## What the task asks
Give back the data exactly, with no images.

+ + +

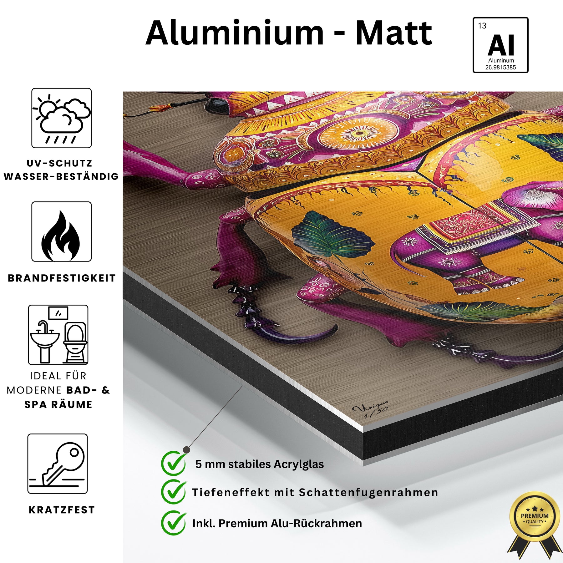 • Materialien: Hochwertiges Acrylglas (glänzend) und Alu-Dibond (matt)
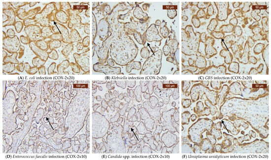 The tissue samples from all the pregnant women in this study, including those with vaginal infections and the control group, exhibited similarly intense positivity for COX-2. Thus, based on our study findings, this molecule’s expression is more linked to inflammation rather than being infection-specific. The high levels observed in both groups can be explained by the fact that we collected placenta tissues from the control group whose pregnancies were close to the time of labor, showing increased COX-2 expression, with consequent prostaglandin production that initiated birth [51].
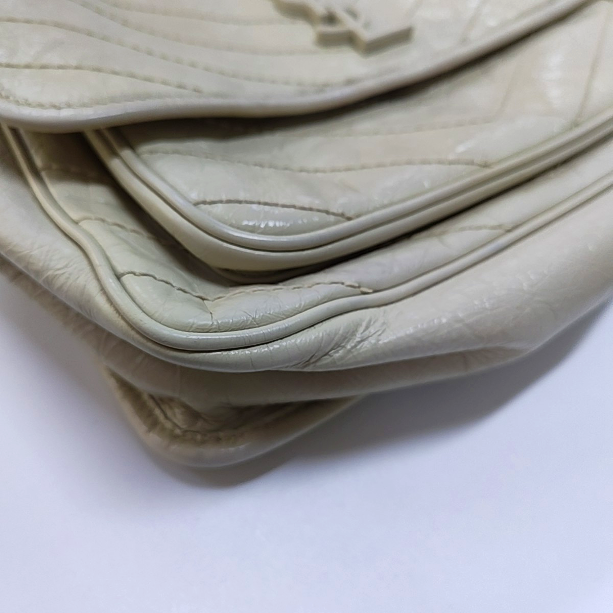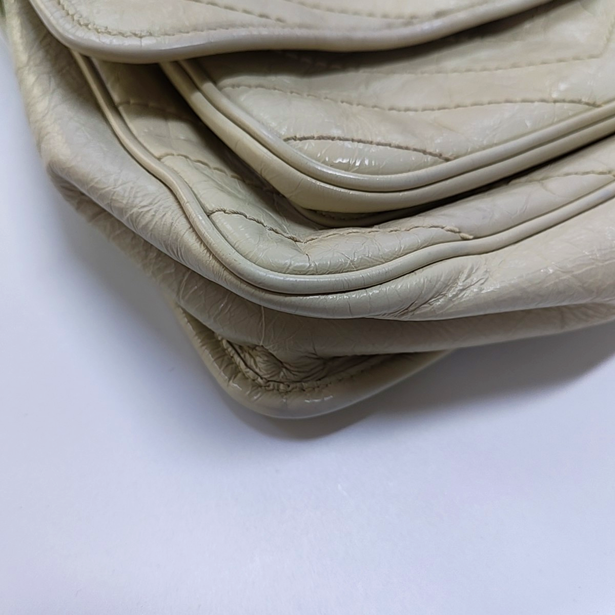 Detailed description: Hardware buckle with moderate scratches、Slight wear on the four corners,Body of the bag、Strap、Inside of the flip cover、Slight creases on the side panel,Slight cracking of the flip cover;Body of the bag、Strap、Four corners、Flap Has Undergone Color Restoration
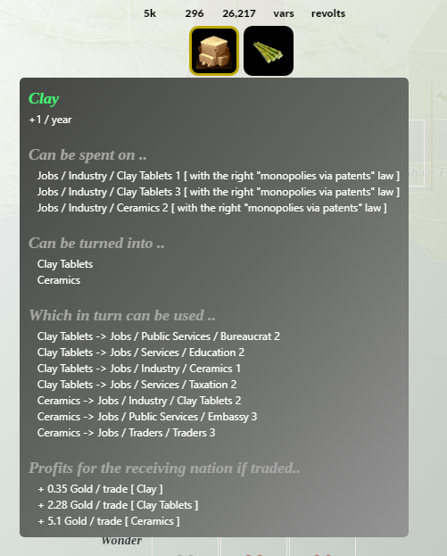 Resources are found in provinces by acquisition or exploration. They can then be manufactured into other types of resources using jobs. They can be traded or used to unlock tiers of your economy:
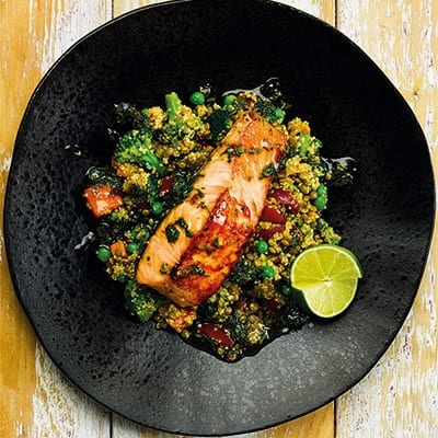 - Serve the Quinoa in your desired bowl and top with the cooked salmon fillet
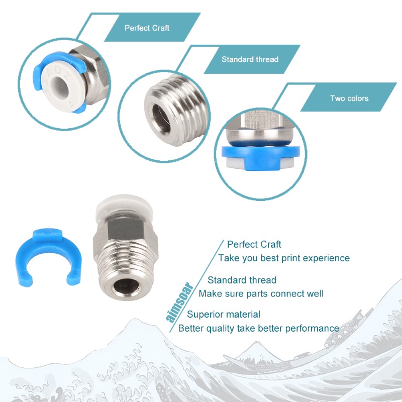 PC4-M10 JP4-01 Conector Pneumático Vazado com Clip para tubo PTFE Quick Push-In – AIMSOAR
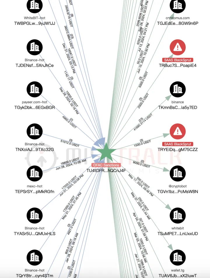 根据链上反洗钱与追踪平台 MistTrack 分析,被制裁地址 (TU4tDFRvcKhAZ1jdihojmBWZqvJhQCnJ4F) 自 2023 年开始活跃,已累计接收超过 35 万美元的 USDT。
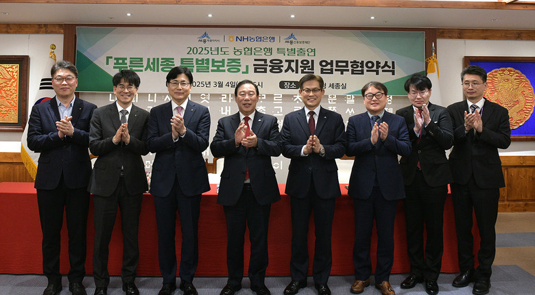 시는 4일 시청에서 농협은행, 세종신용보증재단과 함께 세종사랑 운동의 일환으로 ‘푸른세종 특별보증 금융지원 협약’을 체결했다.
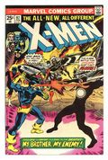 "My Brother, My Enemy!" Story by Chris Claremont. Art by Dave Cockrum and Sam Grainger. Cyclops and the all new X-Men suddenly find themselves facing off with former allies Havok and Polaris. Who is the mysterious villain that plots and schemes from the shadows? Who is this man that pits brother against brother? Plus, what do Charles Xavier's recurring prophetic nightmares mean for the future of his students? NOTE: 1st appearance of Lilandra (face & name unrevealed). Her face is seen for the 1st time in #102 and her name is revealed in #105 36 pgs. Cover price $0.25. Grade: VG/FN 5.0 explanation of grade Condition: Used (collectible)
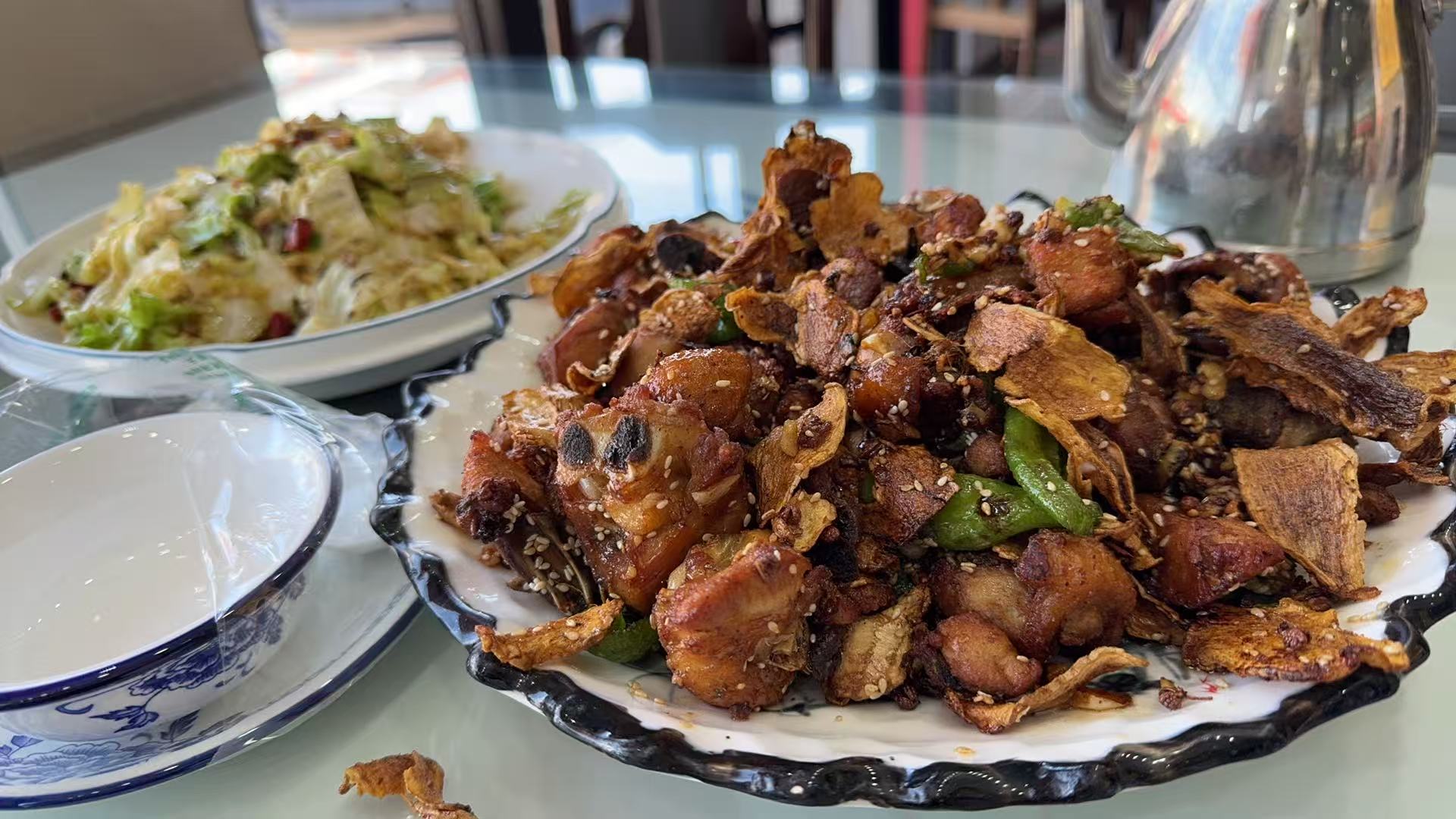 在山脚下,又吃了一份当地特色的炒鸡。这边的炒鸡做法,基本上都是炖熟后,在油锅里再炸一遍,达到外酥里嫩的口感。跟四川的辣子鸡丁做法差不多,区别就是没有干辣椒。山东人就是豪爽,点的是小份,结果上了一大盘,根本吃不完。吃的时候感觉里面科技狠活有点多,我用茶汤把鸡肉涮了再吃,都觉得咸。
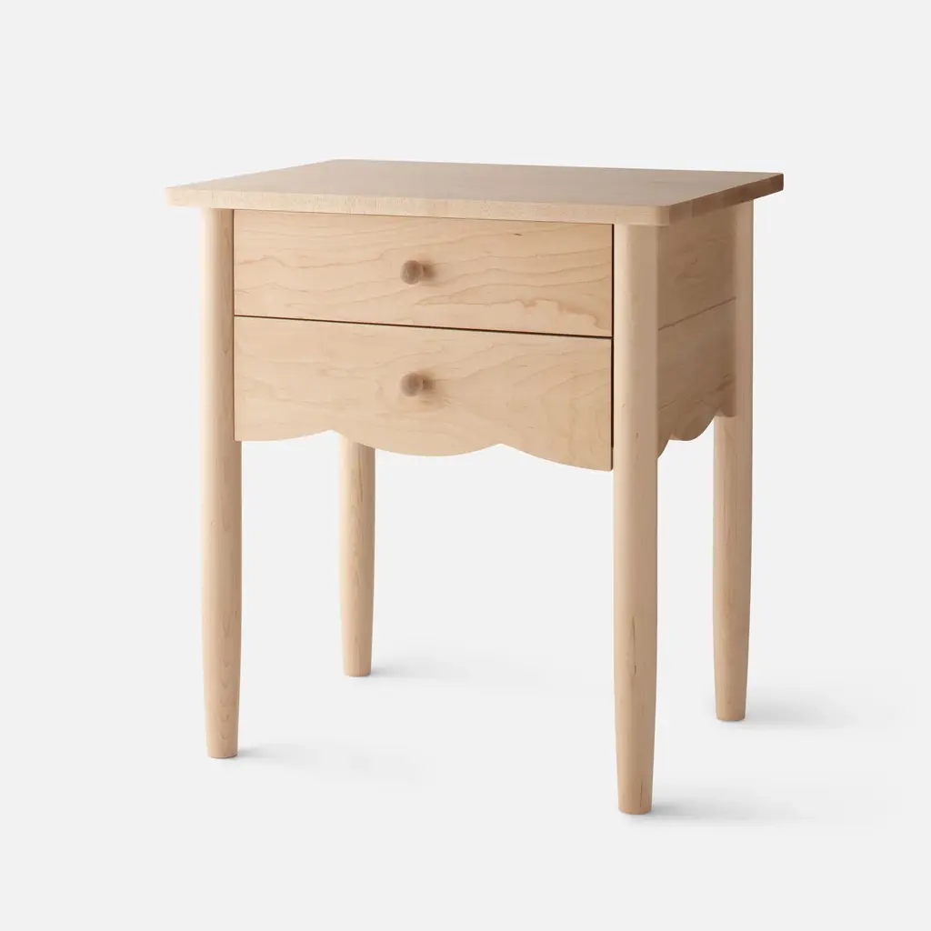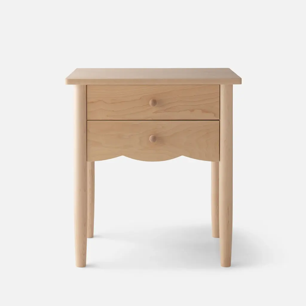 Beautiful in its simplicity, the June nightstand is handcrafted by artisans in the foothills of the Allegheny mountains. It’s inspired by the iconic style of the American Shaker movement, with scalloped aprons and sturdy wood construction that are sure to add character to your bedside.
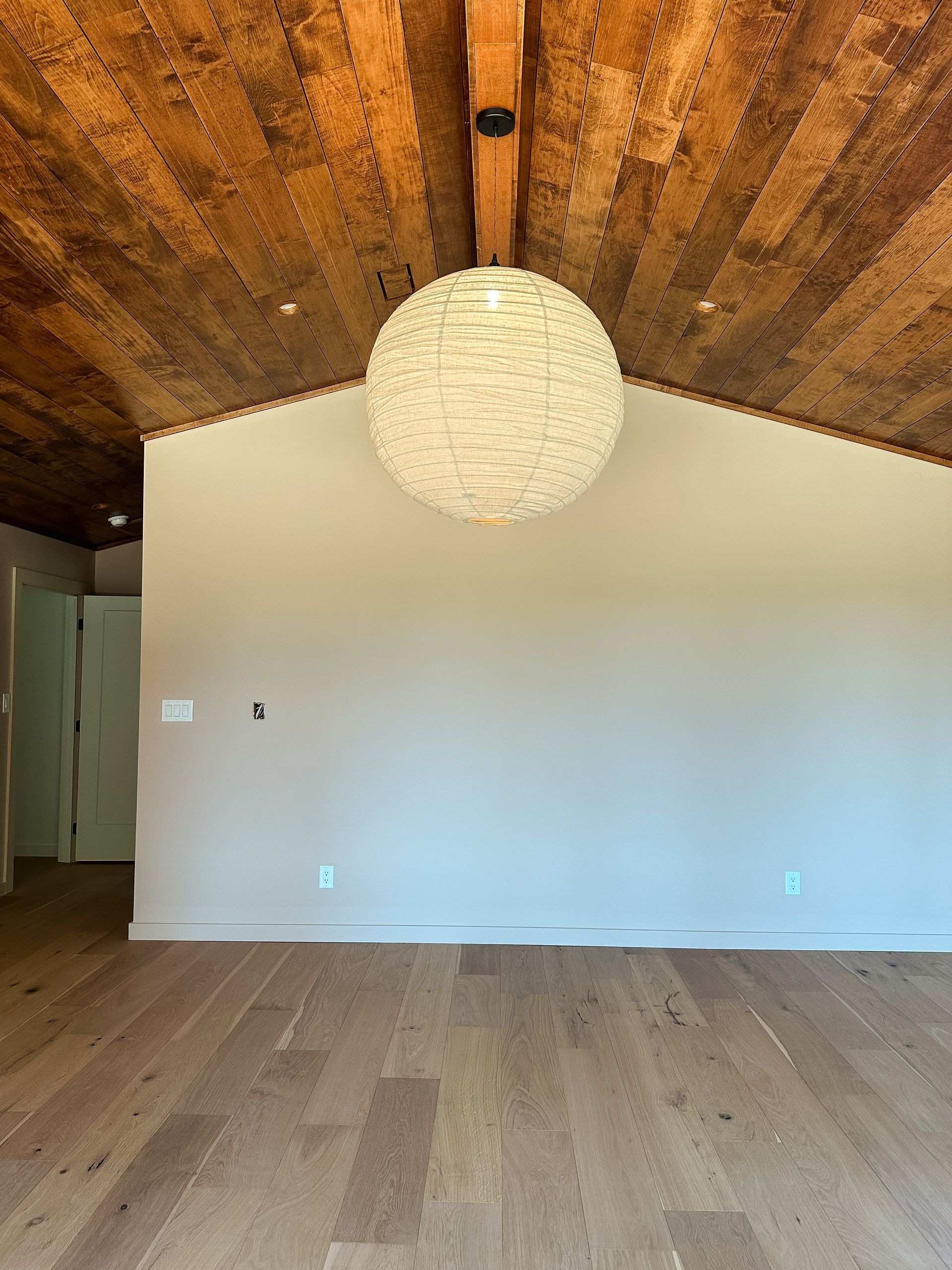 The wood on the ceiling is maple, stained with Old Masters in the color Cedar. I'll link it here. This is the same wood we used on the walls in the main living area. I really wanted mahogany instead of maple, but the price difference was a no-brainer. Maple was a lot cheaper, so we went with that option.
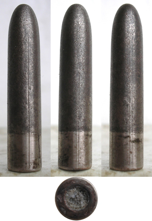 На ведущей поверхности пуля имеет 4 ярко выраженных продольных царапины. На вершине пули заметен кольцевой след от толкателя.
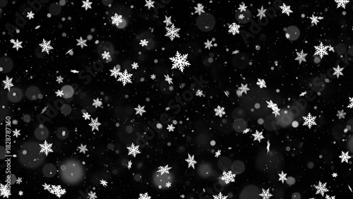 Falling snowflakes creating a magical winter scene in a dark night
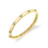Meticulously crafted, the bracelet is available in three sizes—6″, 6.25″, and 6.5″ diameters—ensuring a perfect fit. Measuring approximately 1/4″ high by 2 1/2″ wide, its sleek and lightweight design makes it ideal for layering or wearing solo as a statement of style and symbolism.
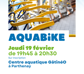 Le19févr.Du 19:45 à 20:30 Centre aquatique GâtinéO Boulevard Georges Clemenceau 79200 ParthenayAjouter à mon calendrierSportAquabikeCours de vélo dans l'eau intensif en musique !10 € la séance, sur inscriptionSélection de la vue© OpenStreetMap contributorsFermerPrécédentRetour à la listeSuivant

+ + +

## Response area
 • Materialien: Hochwertiges Acrylglas (glänzend) und Alu-Dibond (matt)
 The tissue samples from all the pregnant women in this study, including those with vaginal infections and the control group, exhibited similarly intense positivity for COX-2. Thus, based on our study findings, this molecule’s expression is more linked to inflammation rather than being infection-specific. The high levels observed in both groups can be explained by the fact that we collected placenta tissues from the control group whose pregnancies were close to the time of labor, showing increased COX-2 expression, with consequent prostaglandin production that initiated birth [51].
 Detailed description: Hardware buckle with moderate scratches、Slight wear on the four corners,Body of the bag、Strap、Inside of the flip cover、Slight creases on the side panel,Slight cracking of the flip cover;Body of the bag、Strap、Four corners、Flap Has Undergone Color Restoration
 Resources are found in provinces by acquisition or exploration. They can then be manufactured into other types of resources using jobs. They can be traded or used to unlock tiers of your economy:
 - Serve the Quinoa in your desired bowl and top with the cooked salmon fillet
 PC4-M10 JP4-01 Conector Pneumático Vazado com Clip para tubo PTFE Quick Push-In – AIMSOAR
 根据链上反洗钱与追踪平台 MistTrack 分析,被制裁地址 (TU4tDFRvcKhAZ1jdihojmBWZqvJhQCnJ4F) 自 2023 年开始活跃,已累计接收超过 35 万美元的 USDT。
 시는 4일 시청에서 농협은행, 세종신용보증재단과 함께 세종사랑 운동의 일환으로 ‘푸른세종 특별보증 금융지원 협약’을 체결했다.
 "My Brother, My Enemy!" Story by Chris Claremont. Art by Dave Cockrum and Sam Grainger. Cyclops and the all new X-Men suddenly find themselves facing off with former allies Havok and Polaris. Who is the mysterious villain that plots and schemes from the shadows? Who is this man that pits brother against brother? Plus, what do Charles Xavier's recurring prophetic nightmares mean for the future of his students? NOTE: 1st appearance of Lilandra (face & name unrevealed). Her face is seen for the 1st time in #102 and her name is revealed in #105 36 pgs. Cover price $0.25. Grade: VG/FN 5.0 explanation of grade Condition: Used (collectible)
 在山脚下,又吃了一份当地特色的炒鸡。这边的炒鸡做法,基本上都是炖熟后,在油锅里再炸一遍,达到外酥里嫩的口感。跟四川的辣子鸡丁做法差不多,区别就是没有干辣椒。山东人就是豪爽,点的是小份,结果上了一大盘,根本吃不完。吃的时候感觉里面科技狠活有点多,我用茶汤把鸡肉涮了再吃,都觉得咸。
 Beautiful in its simplicity, the June nightstand is handcrafted by artisans in the foothills of the Allegheny mountains. It’s inspired by the iconic style of the American Shaker movement, with scalloped aprons and sturdy wood construction that are sure to add character to your bedside.
 The wood on the ceiling is maple, stained with Old Masters in the color Cedar. I'll link it here. This is the same wood we used on the walls in the main living area. I really wanted mahogany instead of maple, but the price difference was a no-brainer. Maple was a lot cheaper, so we went with that option.
 На ведущей поверхности пуля имеет 4 ярко выраженных продольных царапины. На вершине пули заметен кольцевой след от толкателя.
 Falling snowflakes creating a magical winter scene in a dark night
Meticulously crafted, the bracelet is available in three sizes—6″, 6.25″, and 6.5″ diameters—ensuring a perfect fit. Measuring approximately 1/4″ high by 2 1/2″ wide, its sleek and lightweight design makes it ideal for layering or wearing solo as a statement of style and symbolism.
 Le19févr.Du 19:45 à 20:30 Centre aquatique GâtinéO Boulevard Georges Clemenceau 79200 ParthenayAjouter à mon calendrierSportAquabikeCours de vélo dans l'eau intensif en musique !10 € la séance, sur inscriptionSélection de la vue© OpenStreetMap contributorsFermerPrécédentRetour à la listeSuivant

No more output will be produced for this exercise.